_Your objective_: With pictures left out, copy exactly every line from the one containing "Серебряный браслет с гранатами природными" through the end of the material.

_Exercise data_:
★ ★ ★ ★
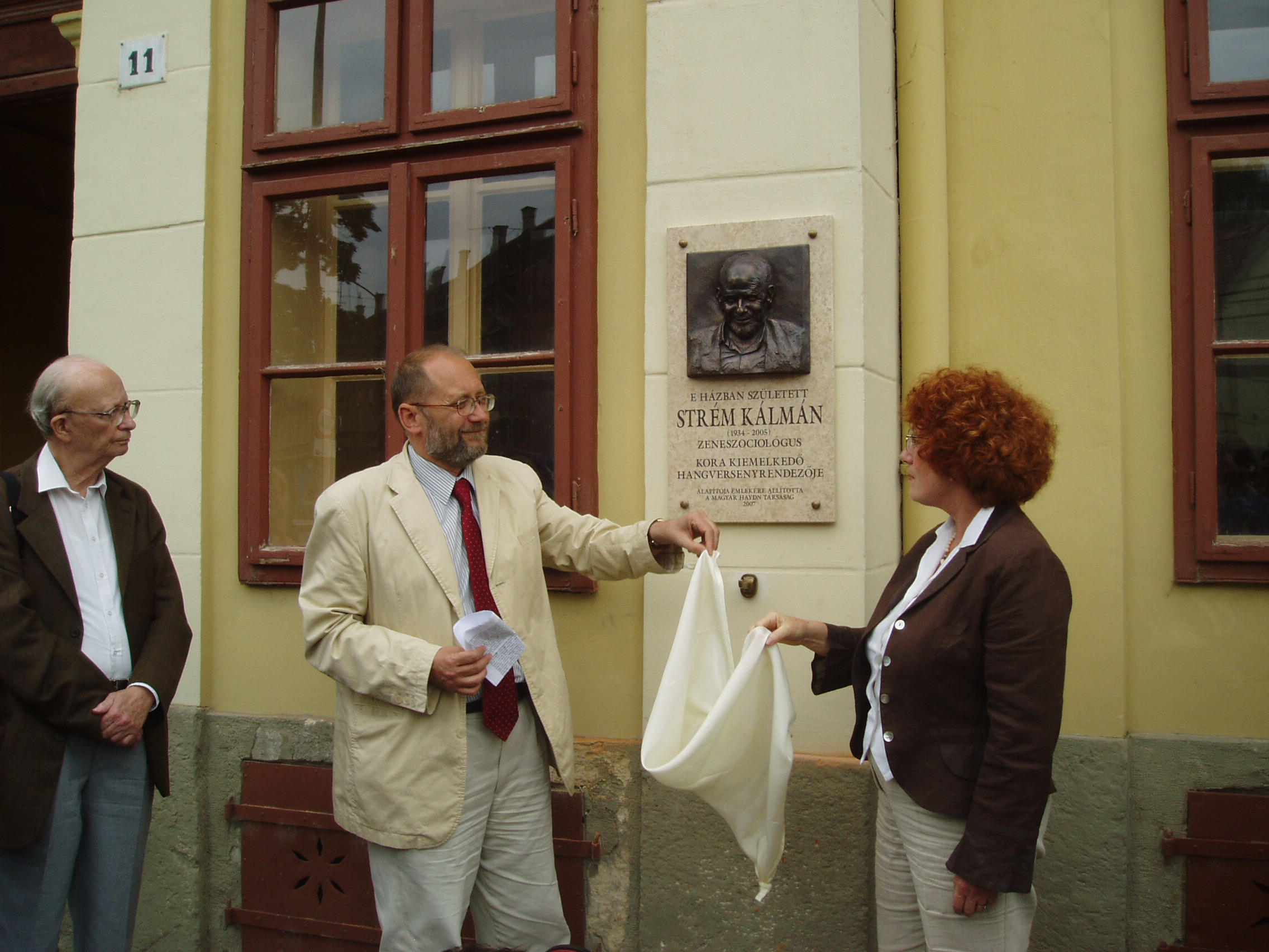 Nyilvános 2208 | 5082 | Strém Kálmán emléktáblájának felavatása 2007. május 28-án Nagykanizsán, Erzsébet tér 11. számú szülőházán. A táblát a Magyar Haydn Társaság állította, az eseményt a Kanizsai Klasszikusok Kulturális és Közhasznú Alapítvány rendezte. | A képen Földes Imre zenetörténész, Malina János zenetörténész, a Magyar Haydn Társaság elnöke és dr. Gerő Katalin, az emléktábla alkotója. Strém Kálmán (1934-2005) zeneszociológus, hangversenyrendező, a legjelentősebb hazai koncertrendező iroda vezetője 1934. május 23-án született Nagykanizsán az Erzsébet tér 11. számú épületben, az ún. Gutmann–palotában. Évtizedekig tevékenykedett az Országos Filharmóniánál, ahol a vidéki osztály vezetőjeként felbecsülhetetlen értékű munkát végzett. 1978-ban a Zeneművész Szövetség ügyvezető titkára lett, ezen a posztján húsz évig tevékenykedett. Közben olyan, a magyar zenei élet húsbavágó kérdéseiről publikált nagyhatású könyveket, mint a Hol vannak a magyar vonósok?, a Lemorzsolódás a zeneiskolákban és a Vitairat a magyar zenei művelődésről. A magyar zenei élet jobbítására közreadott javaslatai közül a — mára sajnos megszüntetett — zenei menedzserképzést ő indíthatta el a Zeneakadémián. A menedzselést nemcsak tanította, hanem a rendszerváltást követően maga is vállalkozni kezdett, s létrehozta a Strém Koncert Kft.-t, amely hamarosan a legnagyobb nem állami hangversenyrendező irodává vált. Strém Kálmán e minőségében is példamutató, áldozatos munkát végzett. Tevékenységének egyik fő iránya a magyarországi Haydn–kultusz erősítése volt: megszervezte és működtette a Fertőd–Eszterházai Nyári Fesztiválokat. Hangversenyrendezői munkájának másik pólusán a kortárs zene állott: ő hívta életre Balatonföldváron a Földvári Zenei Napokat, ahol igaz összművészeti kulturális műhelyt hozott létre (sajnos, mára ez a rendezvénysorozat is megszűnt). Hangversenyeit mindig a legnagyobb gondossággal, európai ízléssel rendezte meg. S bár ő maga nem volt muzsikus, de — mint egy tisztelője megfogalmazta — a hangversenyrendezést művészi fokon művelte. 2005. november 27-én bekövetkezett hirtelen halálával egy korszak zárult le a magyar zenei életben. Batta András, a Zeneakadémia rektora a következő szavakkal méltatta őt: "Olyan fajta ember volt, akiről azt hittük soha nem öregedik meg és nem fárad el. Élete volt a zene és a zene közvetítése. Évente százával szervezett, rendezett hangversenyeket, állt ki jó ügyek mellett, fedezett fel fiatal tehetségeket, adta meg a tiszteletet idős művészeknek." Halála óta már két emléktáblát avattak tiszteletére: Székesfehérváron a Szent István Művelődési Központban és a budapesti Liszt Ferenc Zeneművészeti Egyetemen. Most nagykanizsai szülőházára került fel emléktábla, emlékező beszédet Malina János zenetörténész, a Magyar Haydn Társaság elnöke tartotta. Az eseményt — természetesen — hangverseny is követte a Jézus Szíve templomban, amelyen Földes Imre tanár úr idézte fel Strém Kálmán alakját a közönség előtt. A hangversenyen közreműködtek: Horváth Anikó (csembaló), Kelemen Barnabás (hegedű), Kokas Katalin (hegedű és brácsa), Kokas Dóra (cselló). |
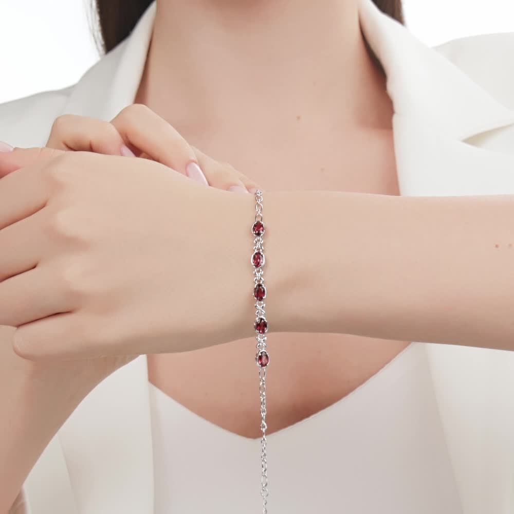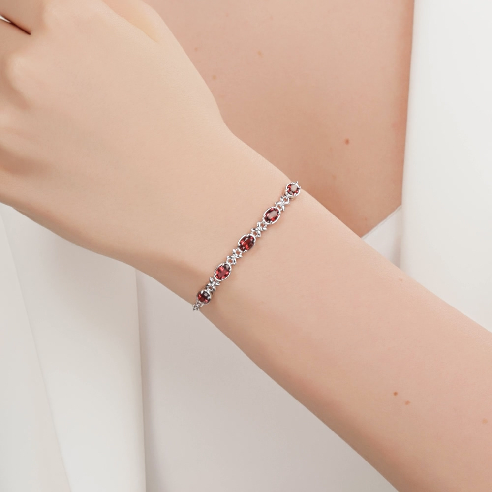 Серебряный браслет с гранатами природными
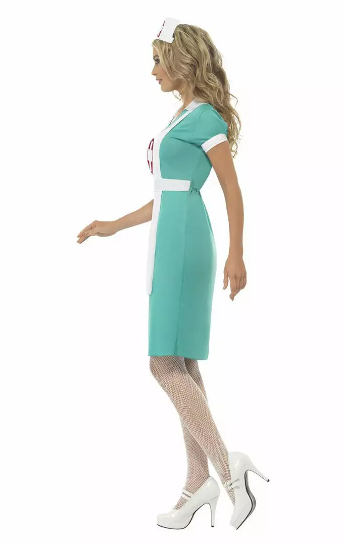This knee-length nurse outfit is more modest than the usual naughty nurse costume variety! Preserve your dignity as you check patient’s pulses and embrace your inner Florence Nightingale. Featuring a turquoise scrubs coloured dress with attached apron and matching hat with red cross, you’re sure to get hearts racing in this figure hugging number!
★ ★ ★ ★
_Task answer_:
 Серебряный браслет с гранатами природными
This knee-length nurse outfit is more modest than the usual naughty nurse costume variety! Preserve your dignity as you check patient’s pulses and embrace your inner Florence Nightingale. Featuring a turquoise scrubs coloured dress with attached apron and matching hat with red cross, you’re sure to get hearts racing in this figure hugging number!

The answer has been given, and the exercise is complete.